Britt v. State

352 So. 2d 148 | Fla. Dist. Ct. App. | 1977

352 So. 2d 148 (1977)

Raymond BRITT, Appellant,
v.
STATE of Florida, Appellee.

No. 76-1371.

District Court of Appeal of Florida, Second District.

November 23, 1977.
As Amended December 2, 1977.

Jack O. Johnson, Public Defender, Bartow, and J. Marion Moorman, Sp. Asst. Public Defender, Winter Haven, for appellant.

Robert L. Shevin, Atty. Gen., Tallahassee, and Charles Corces, Jr., Asst. Atty. Gen., Tampa, for appellee.

RYDER, Judge.

Appellant Raymond Britt entered a plea of guilty to a charge of breaking and entering a building other than a dwelling house with intent to commit a misdemeanor. The trial court adjudicated him guilty and sentenced him to a term of fifteen years in prison with credit for jail time. The court immediately suspended said sentence and placed appellant on fifteen years probation.

Subsequently, appellant's probation supervisor filed an affidavit alleging that appellant had violated the terms of his probation. Appellant entered a guilty plea to these violations and the trial court sentenced him to five years in prison followed by probation for the balance of the original fifteen year sentence.

Thereafter, appellant moved to withdraw his pleas of guilty to the original charge and to the probation violation charge and to *149 vacate the sentence imposed upon him. This motion we deem to have been filed pursuant to Fla.R.Crim.P. 3.850. After hearing, the trial court denied the motion and appellant appeals.

Appellant argues the trial judge should have granted his motion to set aside his pleas because he did not enter into those pleas voluntarily because both his own court-appointed counsel and the court led him to believe the maximum sentence was fifteen rather than five years.

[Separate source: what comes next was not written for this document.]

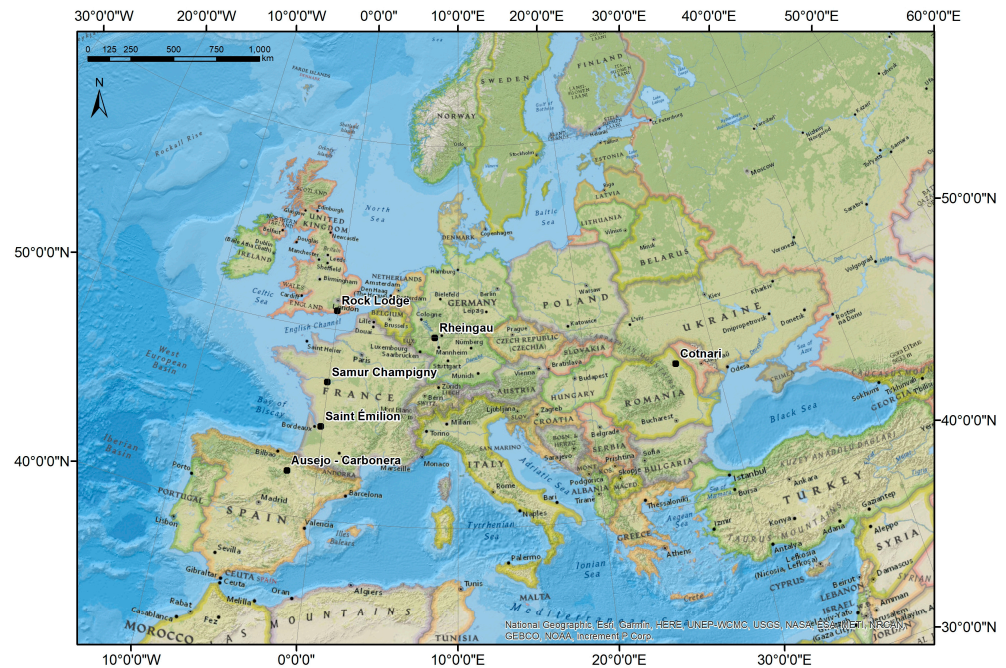
Figure 1. Location of studied European wine regions.

It is clear from the facts of this case that there was a general misapprehension among all the parties involved as to the length of the time which appellant could be imprisoned. Even the trial court believed that appellant could receive a fifteen year sentence when, in fact, under Sections 810.05 and 775.082(5), Florida Statutes (1973), appellant could only receive a five-year sentence.

A person induced to give up his right to a trial by a misapprehension of circumstances surrounding his plea is entitled to vacation of any judgment and sentence resulting from such a plea. Bartz v. State, 221 So. 2d 7 (Fla.2d DCA 1969).

In view hereof, the order appealed from should be, and is hereby, reversed; and this cause is remanded for further proceedings not inconsistent herewith.

OTT, Acting C.J., and McNULTY, JOSEPH P. (Ret.), Associate Judge, concur.